### AIM OF THE EXERCISE
Without changing a word, return the listing below, minus its images.

### DATASET SECTION
━━━━━━

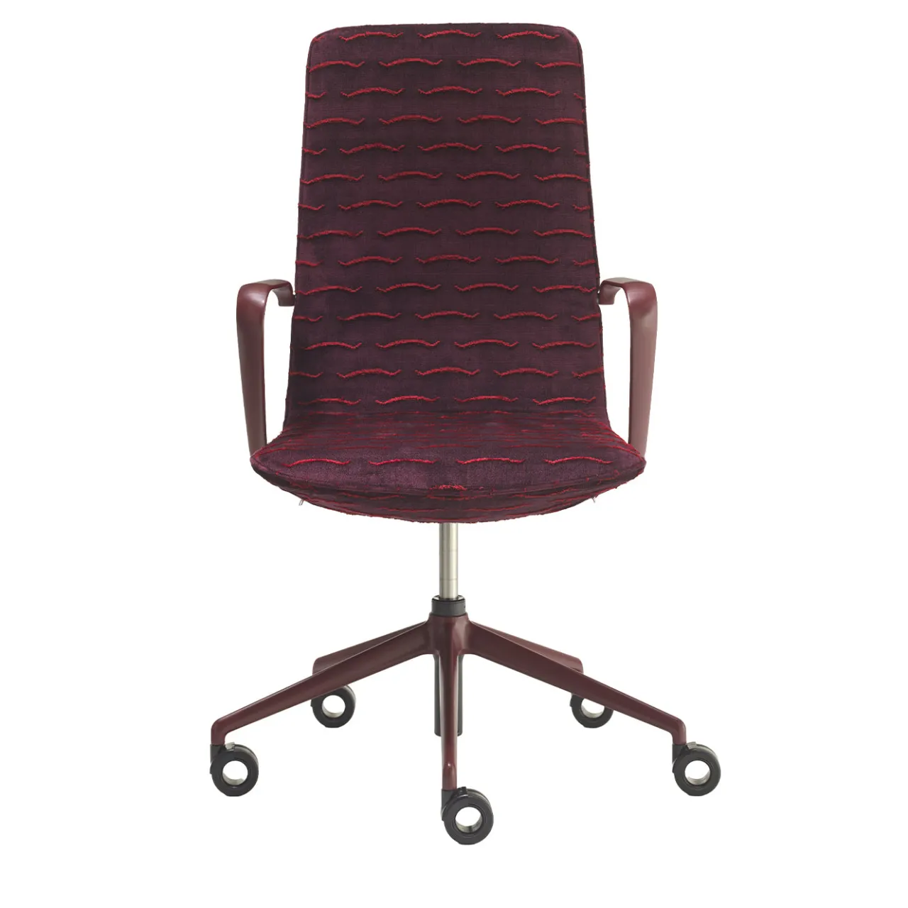 La poltrona imbottita L-Air presenta un meccanismo di inclinazione sincronizzata attivato dal peso con uno schienale di 18° e un’angolazione della seduta di 1°. L’inclinazione dello schienale può essere bloccata in qualsiasi posizione utilizzando una leva attivata da cavo, che controlla anche la regolazione dell’altezza. La sedia include braccioli e base in alluminio verniciato, con ruote nere da 65 mm progettate per un movimento fluido. Rivestita in tessuto Dedar, combina funzionalità ergonomica con uno stile moderno per l’ufficio.
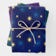 3 Coordinating Star Blue Purple Teal Holiday Wrapping Paper Sheet
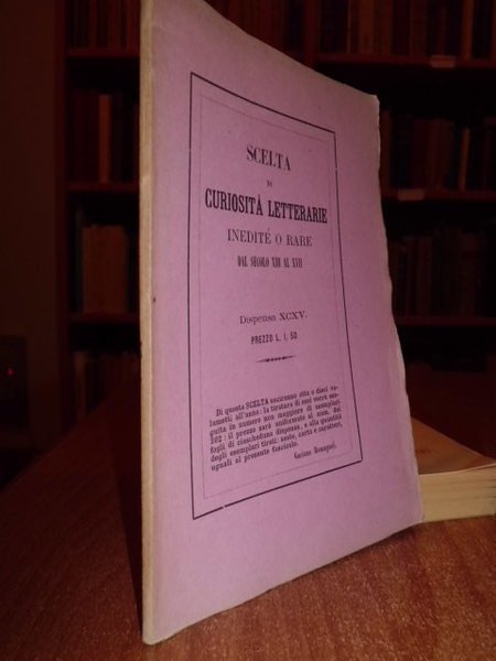 (Curiosità letterarie inedite o rare). L' Orlandino. Canti due di messer Pietro Aretino. Bologna, G. Romagnoli, 1868. In - 16°, br., cop. orig. 30, (2) pp. con facsimile del frontespizio originale. Edizione di soli 202 esemplari (es.n°113). Ottimamente conservato. Uff. Scat. 6.
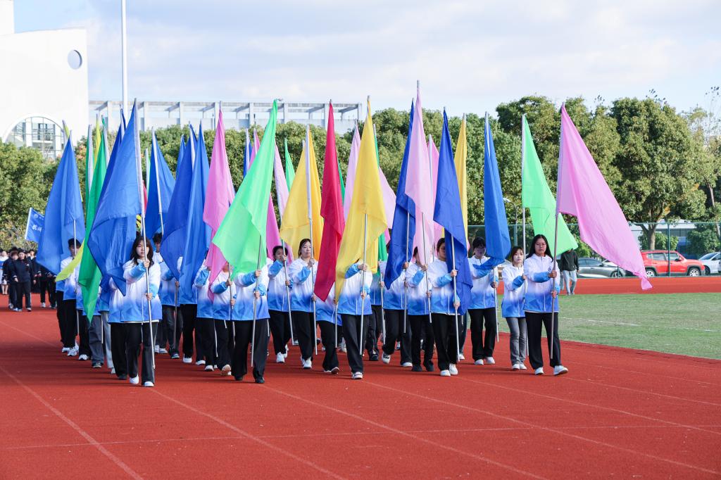伴随着运动员进行曲,英姿飒爽的国旗护卫队、团学干部组成的彩旗队、裁判员方阵迈着整齐的步伐入场。

━━━━━━

### ANSWER TO THE EXERCISE
 La poltrona imbottita L-Air presenta un meccanismo di inclinazione sincronizzata attivato dal peso con uno schienale di 18° e un’angolazione della seduta di 1°. L’inclinazione dello schienale può essere bloccata in qualsiasi posizione utilizzando una leva attivata da cavo, che controlla anche la regolazione dell’altezza. La sedia include braccioli e base in alluminio verniciato, con ruote nere da 65 mm progettate per un movimento fluido. Rivestita in tessuto Dedar, combina funzionalità ergonomica con uno stile moderno per l’ufficio.
 3 Coordinating Star Blue Purple Teal Holiday Wrapping Paper Sheet
 (Curiosità letterarie inedite o rare). L' Orlandino. Canti due di messer Pietro Aretino. Bologna, G. Romagnoli, 1868. In - 16°, br., cop. orig. 30, (2) pp. con facsimile del frontespizio originale. Edizione di soli 202 esemplari (es.n°113). Ottimamente conservato. Uff. Scat. 6.
伴随着运动员进行曲,英姿飒爽的国旗护卫队、团学干部组成的彩旗队、裁判员方阵迈着整齐的步伐入场。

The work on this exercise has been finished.